Pero tuvo que vacunarlo, porque, de otro modo, el veterinario ordenaría su muerte. Hacía frío y lo llevó envuelto en una manta. La habló despacio, mientras tiritaba de horror, aunque sin aullar ni quejarse apenas, cuando la aguja le entraba por la pata izquierda y luego, en casa, le frió dos sardinas. Pero el perro murió de todas maneras, a los pocos días. Quizá porque ya era viejo, sólo por eso. Y Modesto lo tiró a un muladar (1) junto a un camino, al anochecer, porque no se atrevió a enterrarlo en su corral, que no resistía ni siquiera el mirarlo muerto y lo puso allí en el muladar, con amor, envuelto en su chaqueta, la pero, pero que estaba limpia y bien remendada, y cada mañana, cuando salía al trabajo pasaba cerca de allí, aunque no se atrevía a acercarse, para no ver la tarea de la muerte en su Canelo o no creyera la gente que iba a rezar allí por el perro.
Un día le dijeron en la taberna:
–¿Así que se te ha muerto “la parienta”? (2).
Y se rieron todos aquellos miserables, y Modesto tuvo que contener sus lágrimas y su rabia. Sonrió como acostumbraba a hacerlo, como pidiendo perdón por estar vivo todavía y por haber tenido un perro y haberlo amado. Pero desde aquel día comenzó a pedir dos o tres vasos más de vino, que le daban fuerzas.
–Tienes que comprarte otro perro, Modesto. O mejor, una perra o una mujer, que son muy largas las noches.
Y Modesto sonreía. Sacaba del bolsillo de dentro de la chaqueta una foto y la miraba. Se la había hecho cuando trabajaba de peón en la carretera y le daba alegría, porque nadie le había hecho nunca una foto. Pero, un día, perdió también la foto y pidió otros dos vasos más en la taberna y se reía más, por cualquier cosa. Algunos dicen que, como vivía en los atrases del pueblo, en la última calle donde se despedían los duelos, a veces, en los últimos tiempos, le habían oído envidiar la suerte de quienes iban en aquellos negros ataúdes, pero esto no significaba nada, porque todos sentimos, a veces, esta envidia, porque creemos que la muerte es nuestra madre y nos vamos a refugiar en su regazo.
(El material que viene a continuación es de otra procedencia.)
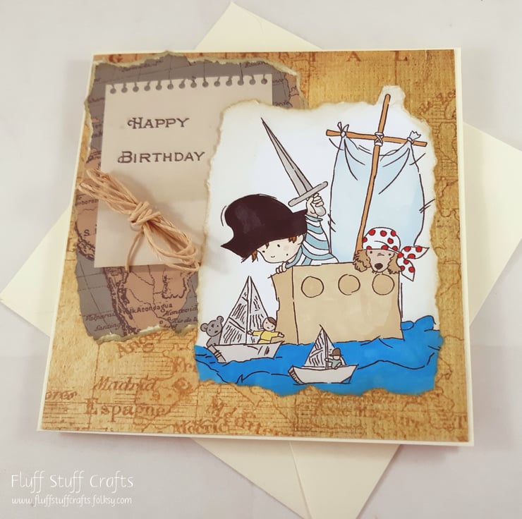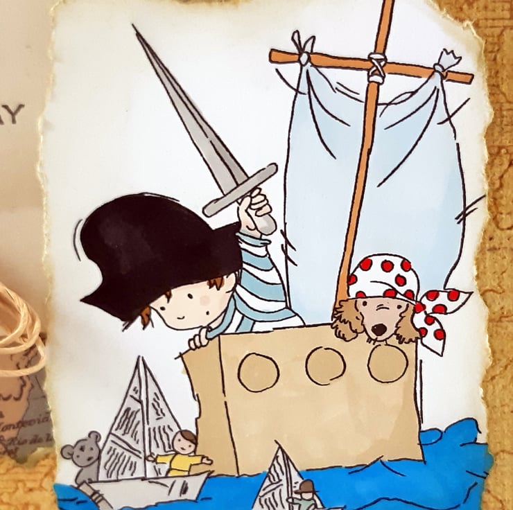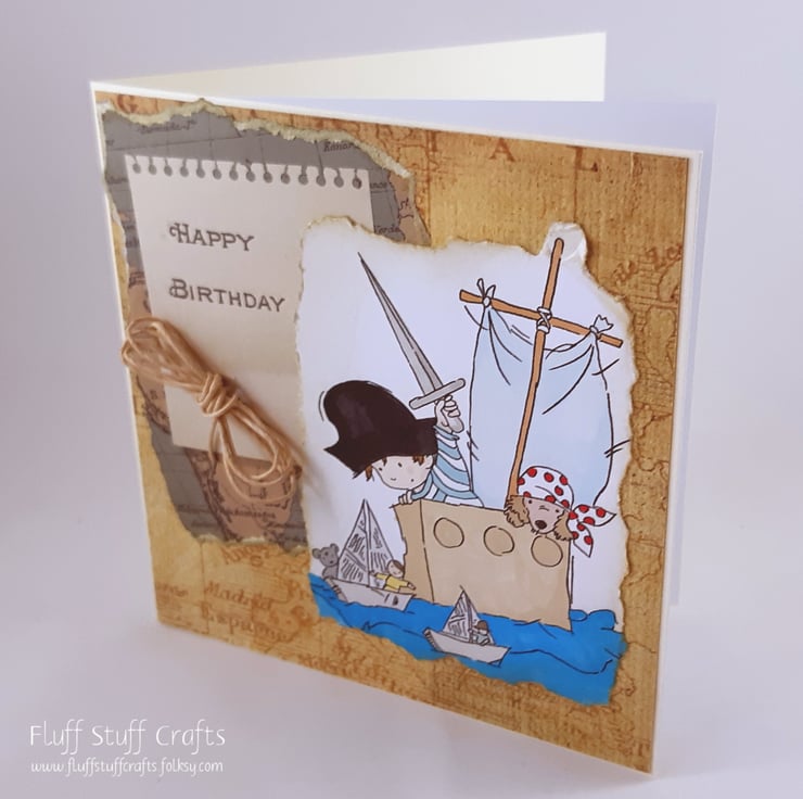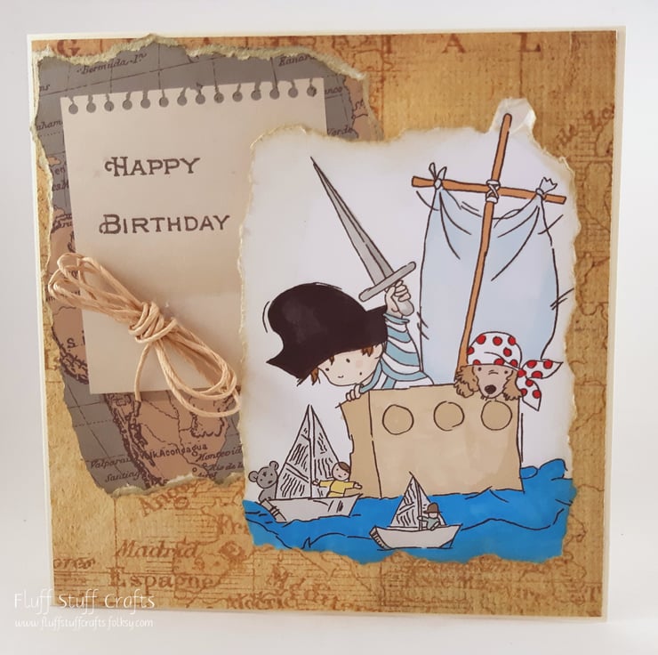 Square birthday card featuring a hand coloured image of a child playing at being a pirate with their dog, in a homemade cardboard box ship. The image has been ripped around the edges and overlaid onto an aged map background. The stamped sentiment reads: 'Happy Birthday'. The card has been embellished with a small tied rope.

Pero esto es mentira, señor Juez. La muerte es tan atroz que Modesto ni siquiera se atrevió a mirar a su perro muerto, y yo no puedo reconocer a Modesto en ese montón de cenizas que hay, ahí, en el depósito.
Dice usted que, esta mañana, le han encontrado abrasado en su cocina. Y es verdad que tenía frío desde que nació, probablemente, eso sí, y se habría arrimado a la lumbre en esta noche de mayo, fría como de noviembre, ahora que le faltaba el calor del perro y la ilusión veraniega de la foto, y sobre todo porque nosotros no entendíamos qué quería decir con su eterna sonrisa. Con tanto coche, tanta televisión, tanta nevera y tanto fútbol y tanto bienestar y tanto triunfo en la vida, ¿cómo quiere usted, señor Juez, que podamos entender a los pobres? Son seres como de otro planeta. Dios sabrá de cuál.
Y le digo una cosa, con todos mis respetos, señor Juez: Yo no me pondría a hacer la autopsia. Todos los pobres mueren de lo mismo. La enfermedad es conocida. Pero me temo que el forense ande buscando complicaciones y barroquismos, y es en balde, ya le digo.
JOSÉ JIMÉNEZ LOZANO
NOTAS(1) Estercolero.
(2) Forma coloquial de referirse a la mujer respecto del marido.